RAW DATA:
╭──

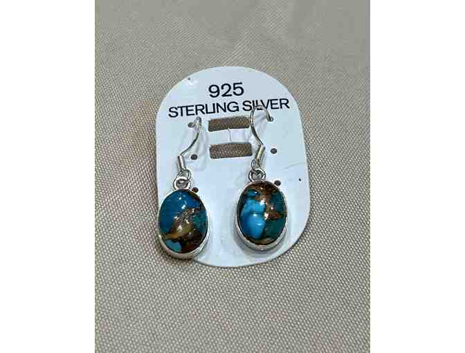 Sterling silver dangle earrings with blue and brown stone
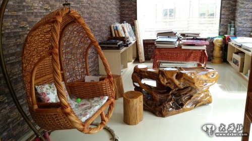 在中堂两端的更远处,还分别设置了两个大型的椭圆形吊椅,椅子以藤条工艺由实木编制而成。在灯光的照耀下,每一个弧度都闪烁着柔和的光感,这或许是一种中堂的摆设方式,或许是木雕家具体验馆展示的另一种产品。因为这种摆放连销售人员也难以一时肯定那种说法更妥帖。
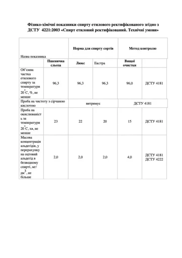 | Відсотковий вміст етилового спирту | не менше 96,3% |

╰──

Reproduce the material exactly; omit the pictures.

 Sterling silver dangle earrings with blue and brown stone
 在中堂两端的更远处,还分别设置了两个大型的椭圆形吊椅,椅子以藤条工艺由实木编制而成。在灯光的照耀下,每一个弧度都闪烁着柔和的光感,这或许是一种中堂的摆设方式,或许是木雕家具体验馆展示的另一种产品。因为这种摆放连销售人员也难以一时肯定那种说法更妥帖。
 | Відсотковий вміст етилового спирту | не менше 96,3% |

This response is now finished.